WORK ITEM: Range to reproduce from the entries below: the line with "NFS服务端安装完毕,回到服务器管理器,选择文件和存储服务", the line with "日式仿古印花水泥托盤【大/小款】 ※下單前請先注意尺寸哦※ 第一眼就愛上小花托盤", and every line in between. Give them exactly and give nothing else.

++++ RECORD EXTRACTS ++++

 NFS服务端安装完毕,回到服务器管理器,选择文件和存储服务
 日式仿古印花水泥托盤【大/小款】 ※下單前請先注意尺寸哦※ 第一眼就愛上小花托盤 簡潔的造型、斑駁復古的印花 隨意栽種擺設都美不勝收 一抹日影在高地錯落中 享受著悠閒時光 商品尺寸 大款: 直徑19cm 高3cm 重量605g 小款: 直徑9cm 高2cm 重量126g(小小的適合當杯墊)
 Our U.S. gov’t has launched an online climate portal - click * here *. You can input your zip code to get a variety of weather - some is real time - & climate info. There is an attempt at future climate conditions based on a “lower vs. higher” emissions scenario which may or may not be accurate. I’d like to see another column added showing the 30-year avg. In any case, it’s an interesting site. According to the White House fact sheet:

++++
++++ RECORD EXTRACTS ++++

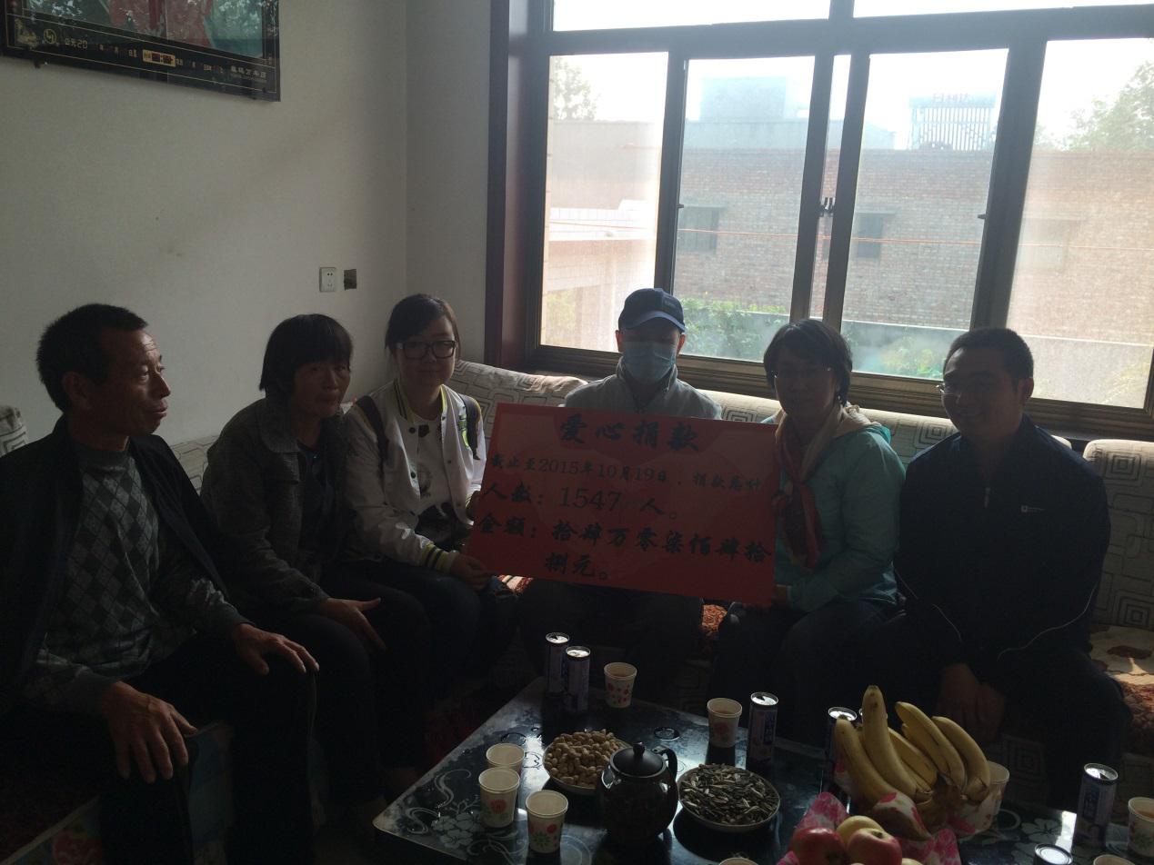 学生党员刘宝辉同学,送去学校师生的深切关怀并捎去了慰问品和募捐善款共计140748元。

++++

OUTPUT OF THE TASK:
 NFS服务端安装完毕,回到服务器管理器,选择文件和存储服务
 日式仿古印花水泥托盤【大/小款】 ※下單前請先注意尺寸哦※ 第一眼就愛上小花托盤 簡潔的造型、斑駁復古的印花 隨意栽種擺設都美不勝收 一抹日影在高地錯落中 享受著悠閒時光 商品尺寸 大款: 直徑19cm 高3cm 重量605g 小款: 直徑9cm 高2cm 重量126g(小小的適合當杯墊)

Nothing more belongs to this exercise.